Member of the Bangladesh Parliament for Lakshmipur-4
- In office 1991–1996
- Preceded by: Mosharraf Hossain
- Succeeded by: A. S. M. Abdur Rab

Personal details
- Born: 1933 or 1934
- Died: February 18, 2018 (aged 84) Dhaka, Bangladesh
- Party: Bangladesh Nationalist Party

= Abdur Rab Chowdhury =

Bangladeshi politician

Abdur Rab Chowdhury was a Bangladesh Nationalist Party politician and member of parliament for Lakshmipur-4.

== Biography ==
Abdur Rab Chowdhury was born in 1933 or 1934 to Fazlur Rahman.

He was first elected as a member of parliament from the Lakshmipur-4 constituency in the 1991 general election as a nominee of the Bangladesh Nationalist Party (BNP). Subsequently, he was re-elected from the same constituency in the February 1996 general election as a BNP nominee.
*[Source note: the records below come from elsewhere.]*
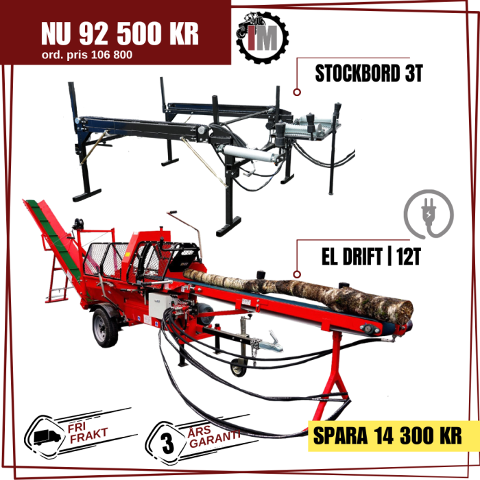 | 12T Elektrisk | 7.5KW 380/50HZ 3 fas 16A CE elektrisk motor | 12 Ton | 38 cm | 50 cm | Stihl 18” 71x .325 | 2200x900x1900mm | 660 kg | 7s |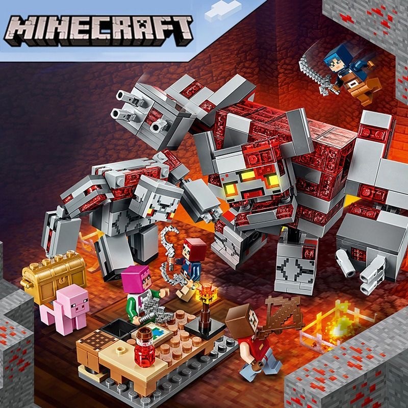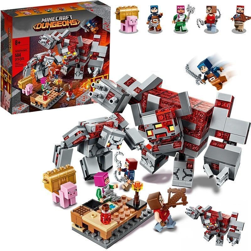 【4】Compatível com Lego Minecraft Dungeon Building Blocks Battle of Redstone Boys Brinquedos montados de 8 a 12 anos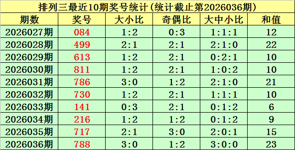 上期回顾:排列三第2026036期奖号为:788。奖号类型:组三,和值:23,奇偶比:1:2,跨度:1,大小比:3:0。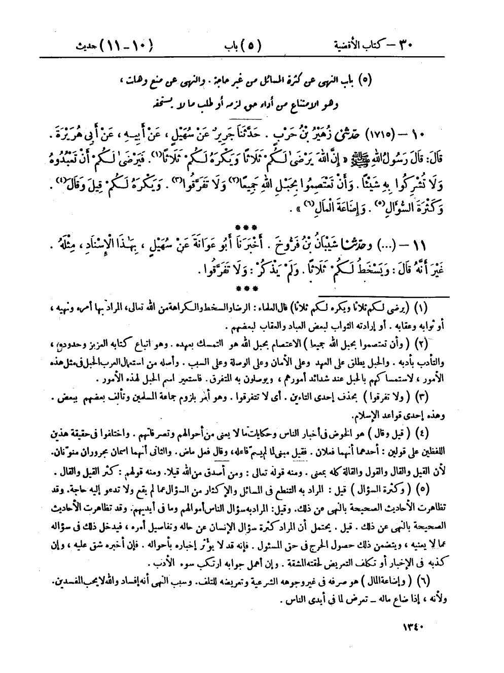 ١٠ - (١٧١٥) حَدَّثَنِي زُهَيْرُ بْنُ حَرْبٍ، حَدَّثَنَا جَرِيرٌ، عَنْ سُهَيْلٍ، عَنْ أَبِيهِ، عَنْ أَبِي هُرَيْرَةَ، قَالَ: قَالَ رَسُولُ اللهِ صَلَّى اللهُ عَلَيْهِ وَسَلَّمَ: " إِنَّ اللهَ يَرْضَى لَكُمْ ثَلَاثًا، وَيَكْرَهُ لَكُمْ ثَلَاثًا، فَيَرْضَى لَكُمْ: أَنْ تَعْبُدُوهُ، وَلَا تُشْرِكُوا بِهِ شَيْئًا، وَأَنْ تَعْتَصِمُوا بِحَبْلِ اللهِ جَمِيعًا وَلَا تَفَرَّقُوا، وَيَكْرَهُ لَكُمْ: قِيلَ وَقَالَ، وَكَثْرَةَ السُّؤَالِ، وَإِضَاعَةِ الْمَالِ "،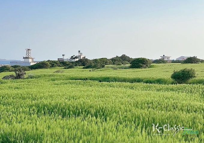 청보리밭 사이로 한라산, 산방산, 송악산 등 주변 경관을 감상하는 것도 빼놓을 수 없는 장관을 이룬다.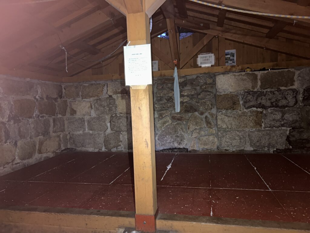 先行者3名の隣を使わせてもらう。6名が定員だろう。それ以上は土の上に泊まることになるが少し厳しい。水場入り口にソロテンとツエルト泊2名がいた。最後に到着した私たちが避難小屋をゲットできたのはとてもラッキーだった!小屋にはなぜかサンダルや銀マット、物干し用のスリングも完備されていて快適だったが、夜中にネズミがカサコソやってきてビックリ!!

He moved several private members’ bills while in parliament. According to Nizam Ahmed, a scholar of public administration, the most significant was the Code of Criminal Procedure (Amendment) Bill of 1992. It aimed to curtail the practice of holding accused people on remand and guarantee those who were detained in custody basic necessities like water, food, and a place to sleep. He was unsuccessful at moving a bill to raise the government retirement age from 57 to 60, and another bill to repeal lawmakers' perquisite to import a vehicle free of taxes.

In the 2001 election, after failing to secure nomination from the BNP, he joined the Awami League and contested the election but was defeated. He was also defeated as an Awami League candidate in the 2008 national election.

He was a member of the advisory council of the Awami League.

He died in Dhaka on 18 February 2018, aged 84.